What Wikipedia’s Network Structure Can Tell Us About Culture
Wikipedia, like all websites, is structured as a network with links connecting one page to another. Each of Wikipedia’s almost 300 languages is written independently and thus may have different underlying network structures. What might we learn from these differences?
A Brief Introduction to Graph Theory
Those already familiar with graph theory can skip this section.
Graphs, in the mathematical sense, are structures that connect objects together with links. In Graph theory jargon, the objects are nodes and the links connecting them are edges. For example, in the graph below there are three nodes: A, B and C. A is connected to both B and C, but B is only connected to C through A.
Edges can also be directional, signified by an arrow. For example, in the graph below you can travel from B to A, and C to A, but you can’t go anywhere from A itself.
That’s really all there is to understanding basic graphs, but starting with just those fundamentals a lot of interesting work can be done. When modeling Wikipedia each article is a node and each link between articles is an edge. For example, the article on Graph Theory links to the article on Mathematics which links back to Graph Theory, represented by the two-headed arrow below.
Building the Wikipedia Graphs
The first step was collecting the network structure data for each language. Wikipedia is big — Almost 40 million pages today and when last calculated in 2009, 275 million links. Instead of working with the whole of Wikipedia, we wanted to get an “equal” sample of pages from each language. We did this by picking five pairs of city+language where the city is a major global city and the primary language spoken in that city is one of the largest Wikipedias. For each of these languages, we built a network using Wikipedia’s API by starting at all five cities, visiting all the pages linked to from that page and then visiting all the pages linked to from those pages.
The table below shows the five languages and cities as well as the number of nodes and edges in our sampled network for each of those languages. For comparison I’ve also included the total number of articles and the ratio to the total in our sample.
For each of the networks we did the following:
- Measured the centrality of each node. The centrality is a measure of how important a node is in a network. Importance of an article is based on how many articles link to that article and how important those articles are. This is the same method that Google uses to find the best search results.

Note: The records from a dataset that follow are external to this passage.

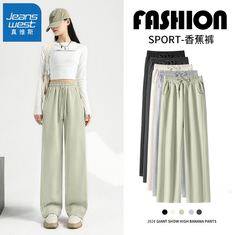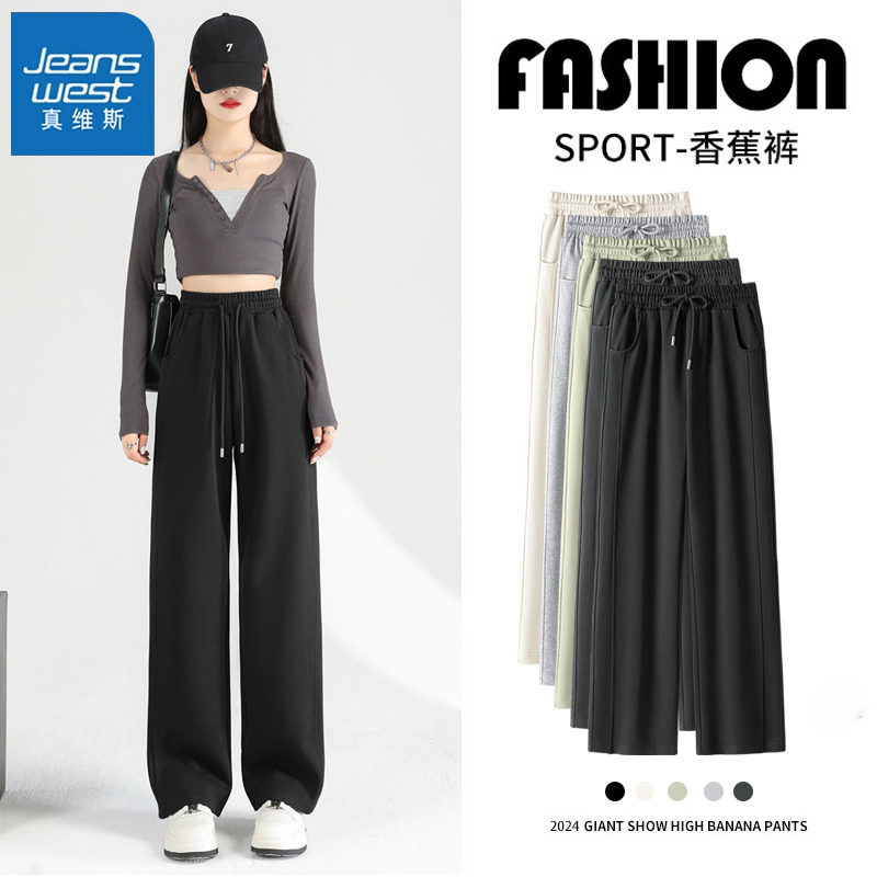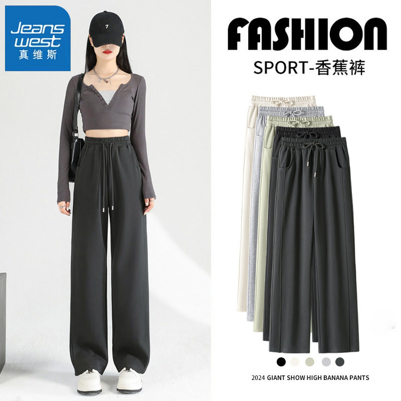 KMV真维斯灰色运动裤女春秋款2025新款休闲小个子卫裤香蕉阔腿裤
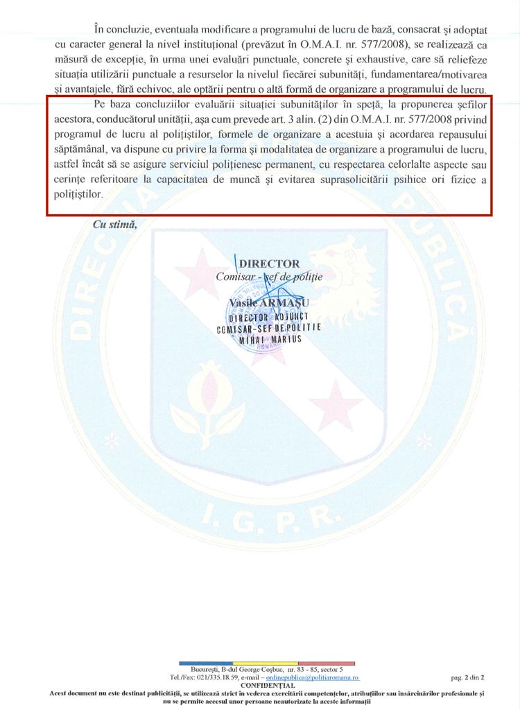 În concluzie, este extrem de relevant de reținut faptul că toate unitățile sau subunitățile de poliție din țară care au ca formă de organizare schimburi a câte 12 ore își pot păstra programul de lucru iar o eventuală modificare a acestuia nu poate avea la baza ca argument fișa cadru.
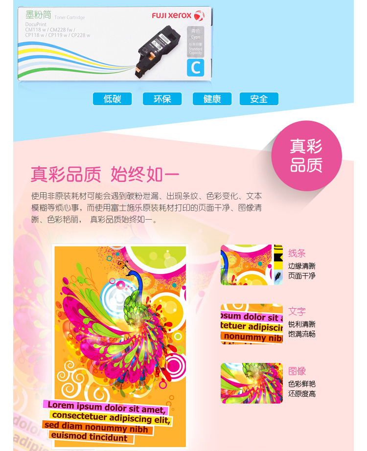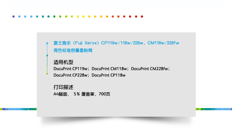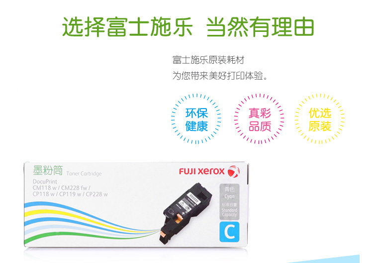 商品名称:富士施乐(FUJI XEROX) 原装 CT202261青色标准容量墨粉盒(适用于:CP119w;CP118w;CP228w;CM118w;CM228fw)
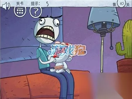 第10关:点击大人的嘴巴,其手指会放到小孩子嘴里,然后狂点小孩子的嘴,直到其把大人的手指咬断,即可过关。
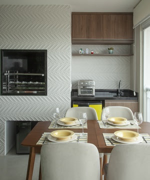 Conectada com a área social, a sala de jantar foi inserida na varanda dentro uma proposta plural, ressaltando a praticidade e a ideia do receber. De acordo com Cristiane Schiavoni, “a churrasqueira foi o ponto de partida para a execução do nosso projeto. O revestimento texturizado trouxe praticidade para a limpeza, tornando o espaço ideal para que o casal conviva com seus convidados”.
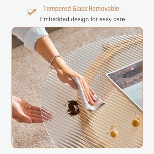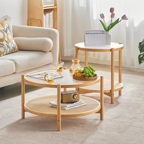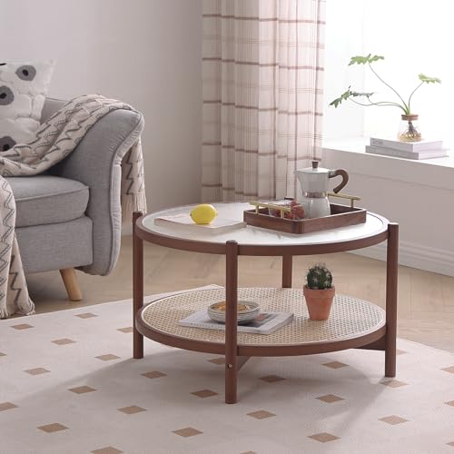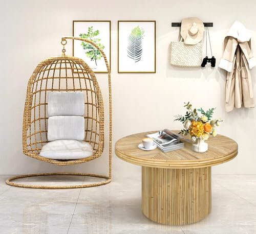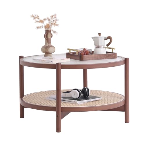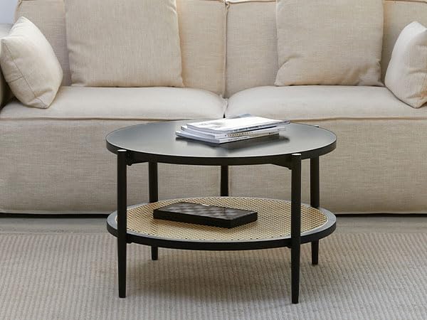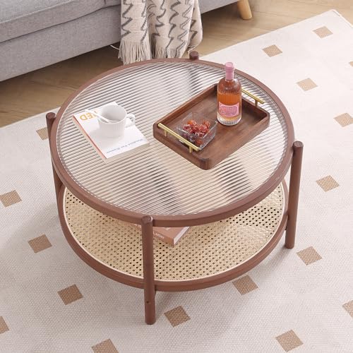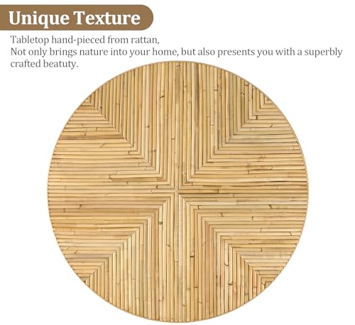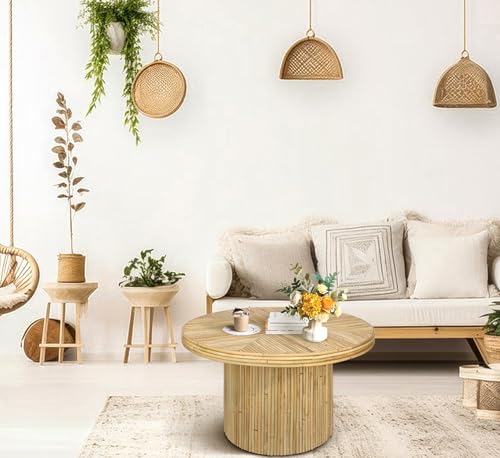Round Coffee Table, Mid Century Modern Small Rattan Coffee Table, Boho Circle Tea Table, Unique Fluted Coffee Tables, Rustic Center Table for Living Room

- Detected communities of similar articles using modularity — essentially finding clusters of articles that are highly interconnected.
- Used Gephi to visualize the networks by coloring each node by the community it is in, and sizing the label by how important the node is.

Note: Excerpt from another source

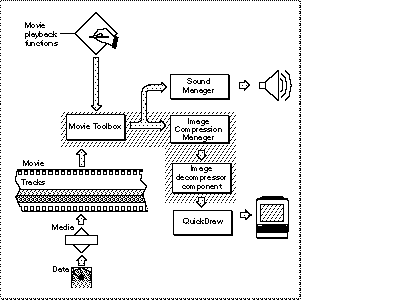Your application gains access to the capabilities of QuickTime by calling functions in the Movie Toolbox. The Movie Toolbox allows you to store, retrieve, and manipulate time-based data that is stored in QuickTime movies. A single movie may contain several types of data. For example, a movie that contains video information might include both video data and the sound data that accompanies the video.
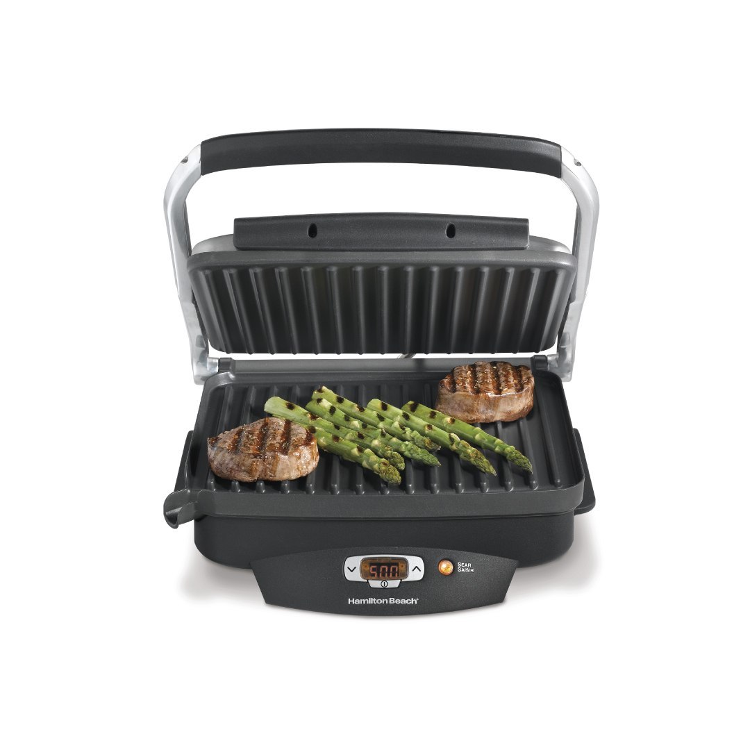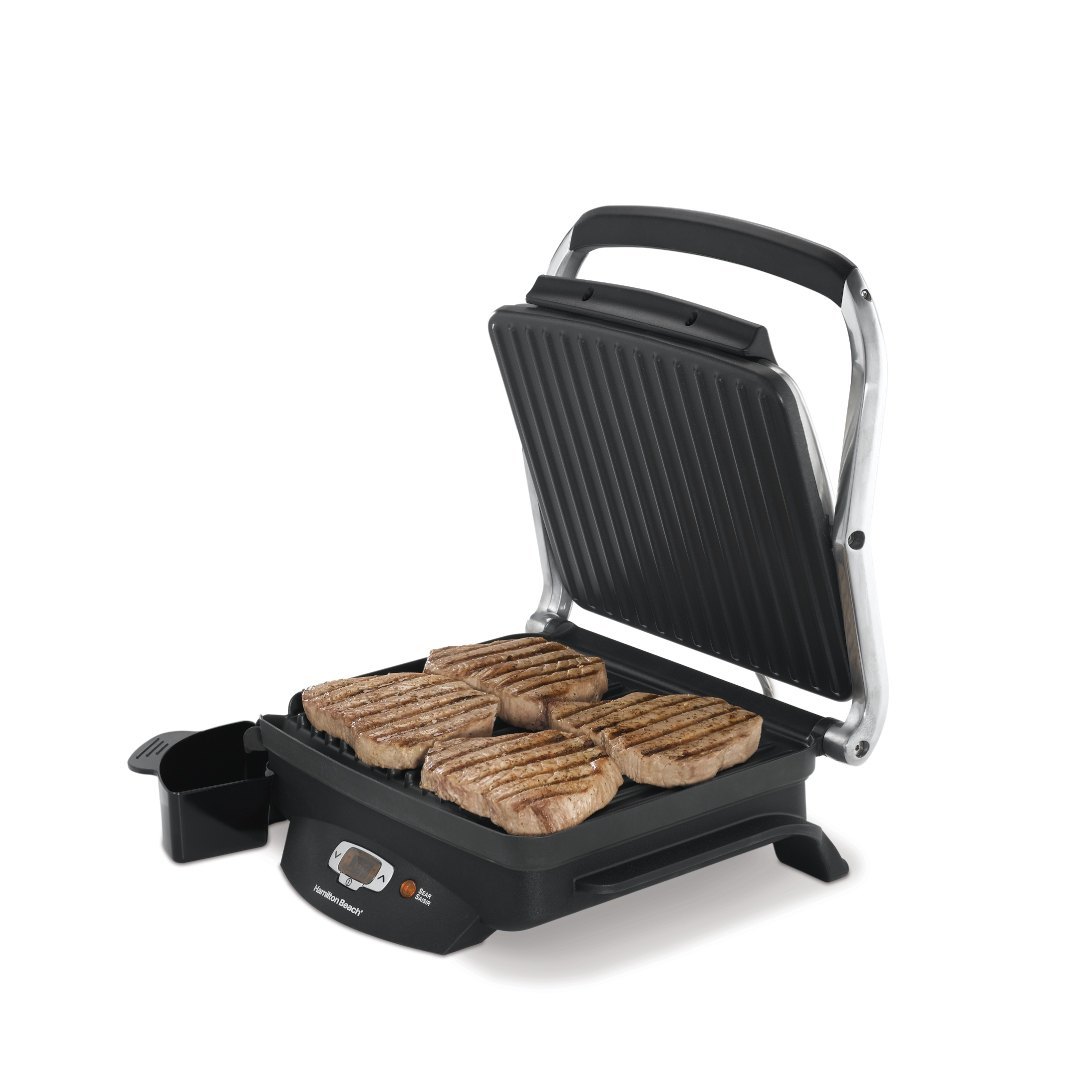 Asegura el sabor y los jugos de la carne con esta parrilla Hamilton Beach_ la cual es ideal para filetes y hamburguesas; asa a la parrilla comidas en menos de 10 minutos. Con cocción baja en grasa_ podrás drenar grasa en la bandeja de goteo extríble.

View the following images in all their giant glory here.
To start with, here is the graph for English. English appears the most “neutral” of any of the five languages, and that makes sense considering it is the biggest of the Wikipedias and is used all over the globe. I say “neutral” because it contains clusters for each of the countries where we started and is fairly circularly shaped, indicating interconnections even across communities.
The giant Eurovision Song Contest community is a first indication that “Wikipedia” important many not reflect actual cultural importance. The way the Eurovision Song Contest pages are written on Wikipedia leads to a lot of interlinking between them, which may overemphasize their importance. Not to discount the important cultural institution that is the Eurovision Song Contest…
Next, looking at Turkish, we see some differences. First, Turkey itself is more prominently in the center. This would make sense considering Turkish is not spoken widely outside of Turkey as opposed to English. We also see that Japan and China both just get lumped into a general Asia community. Neither New York nor the United States has any prominence. But the all important Eurovision community remains.
Turning to Russian, like Turkey in the Turkish network, here we see Russia prominently featured in the center. The most interesting feature here is the community in the top-left for New York. This happened because there are a large number of Wikipedia articles for tiny towns in New York that have only one edit and I can only assume were machine translated. Yet another way that Wikipedia won’t reflect reality.
The Japanese network is very similar in structure to the Russian one, including the odd New York State community. Interestingly, America (アメリカ合衆国) is about as central as Japan (日本).
Finally, looking at Chinese we see the most distinct of the five networks.
Instead of being round(ish) it’s elongated, indicating that there is not much interconnectivity between the two ends. In addition to a China community, we also see Shanghai getting it’s own distinct communities. And besides Russia, the rest of the world gets lumped into a single community.
What conclusions can we reasonably draw from this?
Does Japan have a greater fascination with America than with Turkey? Well, yes, probably. Are English speakers obsessed with Geographic Coordinate Systems? No, Wikipedia articles for places just usually include the latitude and longitude. Are Chinese speakers more culturally insular? Possibly, considering the Chinese government tries its hardest to make them so.
But it’s important to remember that the people (or machines) who write Wikipedia articles do not represent every speaker of their language. And, the structure and conventions of Wikipedia itself will emphasize some topics over others.
If nothing else, at least we got some pretty pictures.
Work done by Jeremy Neiman and Avigail Vantu as part of the masters program at New York University’s Center for Urban Science and Progress.